Scurvy Dogs: Piracy along west coast of India leads Lloyd’s to hike insurance premiums 300-fold; India appeals. India has stepped up naval patrols. Serious question: where are the pirate-killing drone aircraft?

What if they threw a pre-existing condition insurance plan and nobody came?  More here, from Megan McArdle of The Atlantic. 

Terrorism exclusion: Pakistani journalists demand life insurance from bosses after 21 killed covering War on Terror. Sounds like the least they could do for them.

Nebraska flooding: It may already be too late to get flood insurance. A 30-day post-purchase exclusion applies. Also, flood insurance doesn’t cover finished basements or stuff in them, which kind of figures, but it’s a bummer.

The Trashing of the Kiwi: New Zealand teen tenants run amok, destroy house, party with 200 of their closest friends leaving drug paraphernalia, cigarette butts and dog feces strewn about. I feel sorry for the owners, who are in their 80s. They tried to get the tenants out but the process takes a long time. "We are devastated. We won’t get insurance because we didn’t know we needed to have separate insurance for damage by tenants."
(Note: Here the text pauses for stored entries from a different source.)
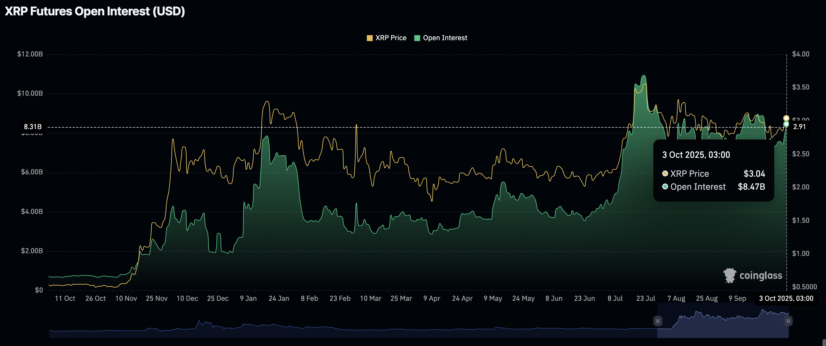 Mientras tanto, el interés minorista en los derivados de XRP está creciendo, con el Interés Abierto (OI) de futuros alcanzando un mínimo mensual de 7.35 mil millones de dólares y promediando aproximadamente 8.47 mil millones de dólares en el momento de escribir, según datos de CoinGlass. Un OI constante también implica un mayor compromiso y convicción en la capacidad de XRP para mantener la tendencia alcista a corto plazo.
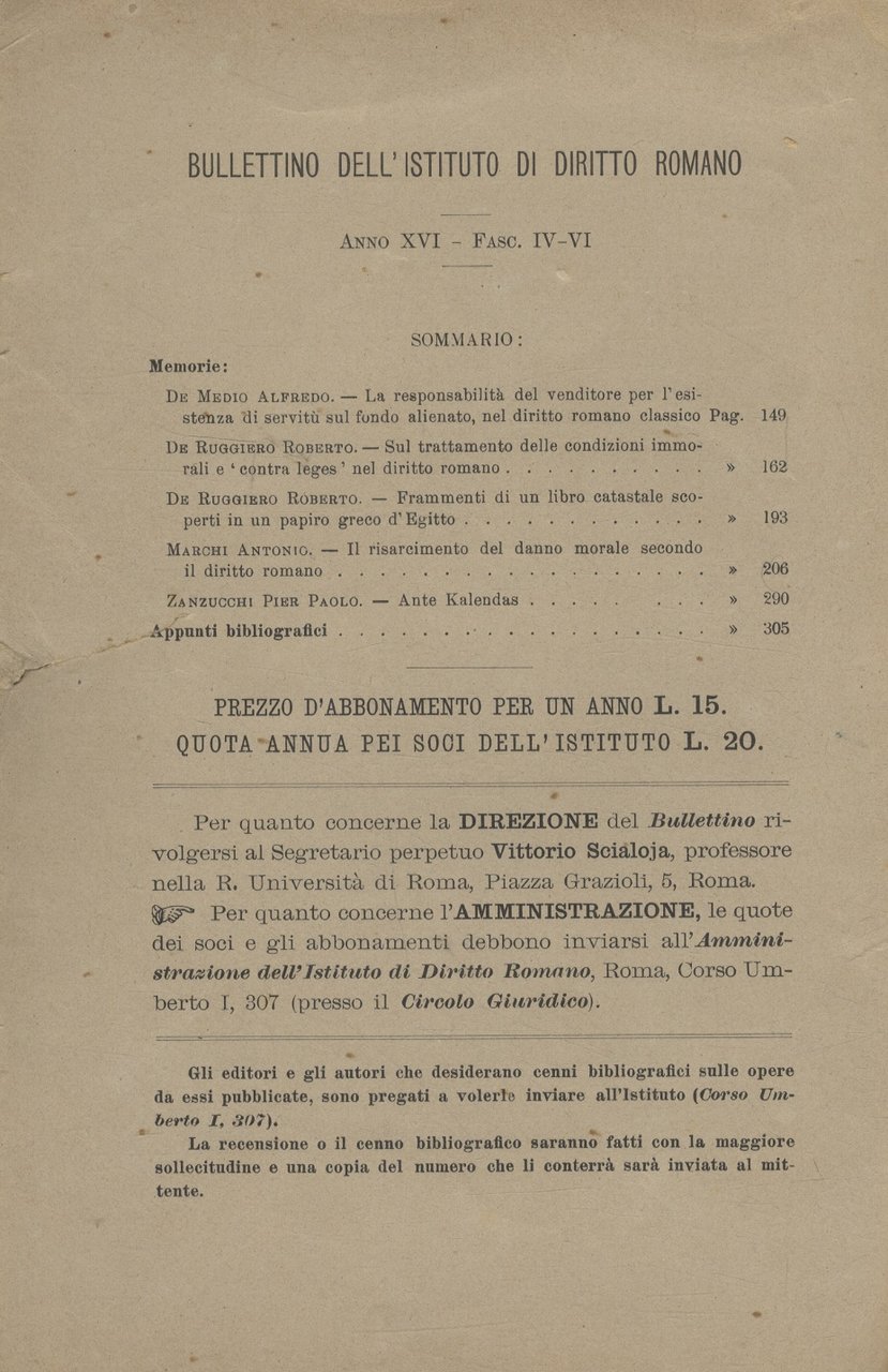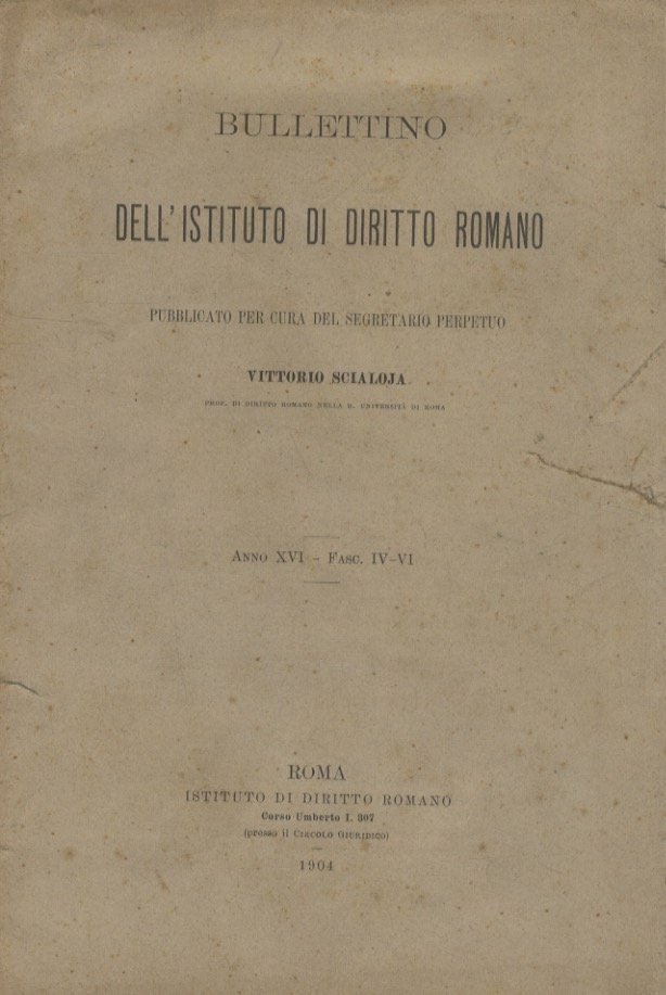 Roma, Istituto di Diritto Romano, 1904, in-8, brossura editoriale, pp. numerate da 149 a 309. Dal sommario del fascicolo segnaliamo anche "La responsabilità del venditore per l'esistenza di servitù sul fondo alienato, nel diritto romano classico" di Alfredo De Medio, "Sul trattamento delle condizioni immorali e 'contra leges' nel diritto romano" e "Frammenti di un libro catastale scoperti in un papiro greco d'Egitto" di Roberto De Ruggiero e "Ante Kalendas" di Pier Paolo Zanzucchi.
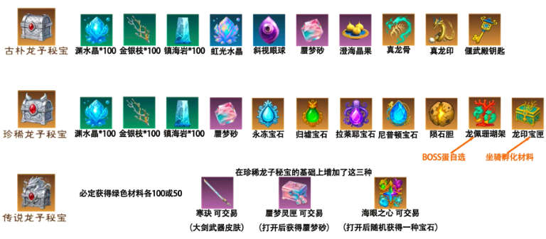 奖励一览表:传说秘宝包含珍稀秘宝所有额外多了几个奖励

Floridians push hurricane-related tax breaks: I admit it, I miss Gov. Charlie Crist. It was always such fun to tear into him when I was writing about the last Florida insurance crisis.

Coverage for the Dreaded Lurgies: I’ve never heard it described this way — a story from South Africa.

Worst timing for insurance fraud evah: Takeaway — it’s not a good time to talk on the telephone about insurance fraud while the feds just happen to be wiretapping your buddy for investigation of other alleged crimes.